Я на мгновение задумался, представив эту картину. Образ оказался настолько ярким, что почти заставил усмехнуться.
— Скорее всего, — медленно проговорил я, отправляя в инвентарь очередную пачку чипсов, — я бы посмотрел на тебя, хмыкнул и сказал, что приличные девушки не стреляют выпивку у незнакомых парней. А потом всё-таки угостил бы. Просто из любопытства.
Искра рассмеялась. Звонко, искренне, с полным наплевательством к безопасности. Этот смех, отражаясь от пыльных полок и разбитых витрин, показался чем-то инородным, чем-то из другого мира.
— Из любопытства, значит? — она подошла ближе, её глаза блестели. — А что бы случилось дальше?
— Дальше? — я повернулся к ней, на мгновение отвлёкшись от поисков. — Дальше ты бы начала рассказывать какую-нибудь невероятную историю о том, как сбежала с собственной свадьбы или проиграла в карты состояние своего отца. А я бы сидел, слушал, и пытался понять, где ты врёшь, а где нет.
— А я бы не соврала ни слова! Честно! — с жаром возразила она, подходя ещё ближе и заглядывая мне в глаза. — Я бы рассказала тебе, что учусь на журналиста, но на самом деле мечтаю стать рок-звездой или участвовать в фаер-шоу.

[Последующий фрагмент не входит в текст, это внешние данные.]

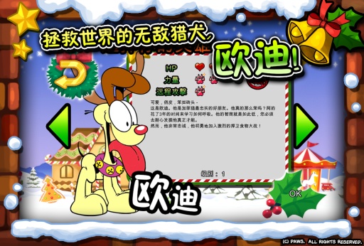 这款游戏的画面采用了2D横版的画面模式,动漫风格的人物造型经典而熟悉,玩游戏的观感绝对不会亚于看动画片哦。游戏界面的色彩运用非常丰富且高调,各种亮眼的色彩充斥着眼球,玩着游戏突然想起了小时候放学回家最开心的一件事情就是守在电视机前看动画片,那是多么单纯而又美好的时光呀。既然是圣诞特别版,自然是少不了各种红红绿绿的圣诞元素啦,圣诞树、圣诞花环、大铃铛还有穿着圣诞老人服装的加菲猫本人都将让玩家们感受到浓浓的节日气氛哦。

Что пишу стихи, которые никому не показываю. Что ни парня, ни жениха у меня нет. И что ненавижу оливки. А ты? Что бы ты рассказал о себе?

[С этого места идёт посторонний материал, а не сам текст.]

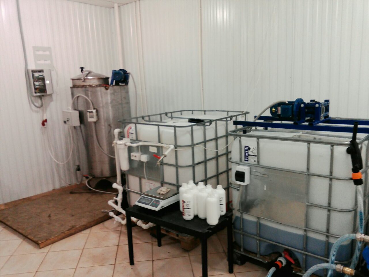 Самая оптимальная площадь цеха должна быть примерно 300 – 500 кв.м. Сама установка занимает 10 кв.м., минимальная площадь, выделенная под нее, должна быть не менее 50 кв.м. также необходима площадь для хранения пустых канистр и продуктов, из которых состоит производство. Они могут храниться и на открытой территории либо в неотапливаемом помещении. Для лучшего устройства транспортного потока, необходимо разделить складскую и производственную площадь.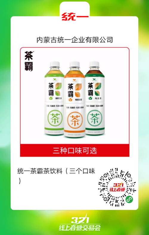 统一在布局新品的同时,同步登陆321线上春糖开启招商。这款产品名为“茶霸”,有茉莉花茶、铁观音茶和乌龙茶3种口味。

Её лицо было совсем близко. Я видел смешливые искорки в её глазах, чувствовал лёгкий запах газировки и дезодоранта. Мой методичный сбор припасов был окончательно и бесповоротно прерван.
— Я бы, наверное, промолчал, — честно ответил ей. — А потом рассказал бы какой-нибудь дурацкий анекдот про инженеров. Или начал бы объяснять тебе, почему пиво, которое мы пьём, имеет такой насыщенный вкус с точки зрения химии и технологии пивоварения.

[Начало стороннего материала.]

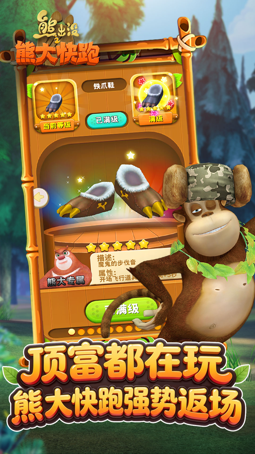 【正版授权 经典形象】 官方授权正版手游!经典形象萌动归来,带你游曳险象环生的丛林作战!游戏根据经典动漫大作改编,高保真还原动漫经典人物,加上富有想象力的关卡场景,让你在熊大的冒险世界中无法自拔! 【多样玩法 引爆潮流】 萌宠孵化养成,乐趣无穷,强大的宠物属性加成,让你轻松跑出高分。紧张刺激的关卡跑道、还原经典的人物形象、挑战极限的PK对战、宠物养成、每日挑战,更有独特的抽奖玩法,尽在《熊出没之熊大快跑》中等你来玩! 【精致画质 全面升级】 老朋友,新感觉!《熊出没之熊大快跑》画质全方位升级!!唯美明亮的画面加上精致细腻的光影效果,还有震撼视觉的动画效果,给人IMAX般的观影体验,让你的每一次跑酷都有不一样的体验!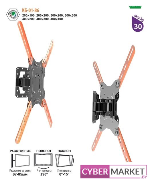 настенный кронштейн для ЖК-телевизора 10-40", наклон 15°, цвет черный

— Зануда, — вынесла она вердикт, но в голосе её не было и тени осуждения. Только тёплая, весёлая насмешка. — Ты был бы невыносимым занудой. И я бы, наверное, влюбилась в тебя с первого взгляда.
Она произнесла это так просто, так обыденно, будто говорила о погоде. Но эти слова повисли в густом, пыльном воздухе магазина, и он вдруг стал наэлектризованным. Я почувствовал, как что-то внутри меня дрогнуло, как напряжение последних дней, всего этого бесконечного кошмара, на мгновение отступило, вытесненное чем-то тёплым и почти забытым.
— А потом? — шёпотом спросил я, сам не до конца понимая, почему продолжаю эту игру.
— А потом мы бы вышли из бара, — так же шёпотом ответила она. — И пошли бы гулять по ночной Москве. Ты бы рассказывал мне о звёздах, которых совсем не видно из-за городского освещения, и о том, как устроены двигатели самолётов, которые пролетают над нами. А я бы смеялась и говорила, что ты самый умный зануда на свете. Мы бы дошли до Красной площади, и там, под бой курантов, ты бы меня поцеловал.
Её фантазия была такой живой, такой реальной, что я почти увидел это. Ночная Москва, огни, гул машин, смех… Мир, которого больше нет. Мир, который мы потеряли. И от этого стало невыносимо горько.
— Красивая сказка, — тихо сказал я.
— Да, — она вздохнула, и её весёлость на миг угасла. — Красивая. Но у нас есть только это. Только здесь и сейчас.
И она сделала последний шаг, сократив разделявшее нас расстояние до нуля.
Её руки легли мне на плечи, а губы коснулись моих.
Поцелуй получился нежным, но слегка горьким, полным тоски по несбывшемуся. В нём сконцентрировалась вся хрупкость этого момента, этого короткого затишья посреди вечной войны. Мы целовались так, будто пытались удержать, закрепить эту секунду, не дать ей раствориться в рёве дизельного двигателя, в запахе солярки, в неизбежности следующего боя.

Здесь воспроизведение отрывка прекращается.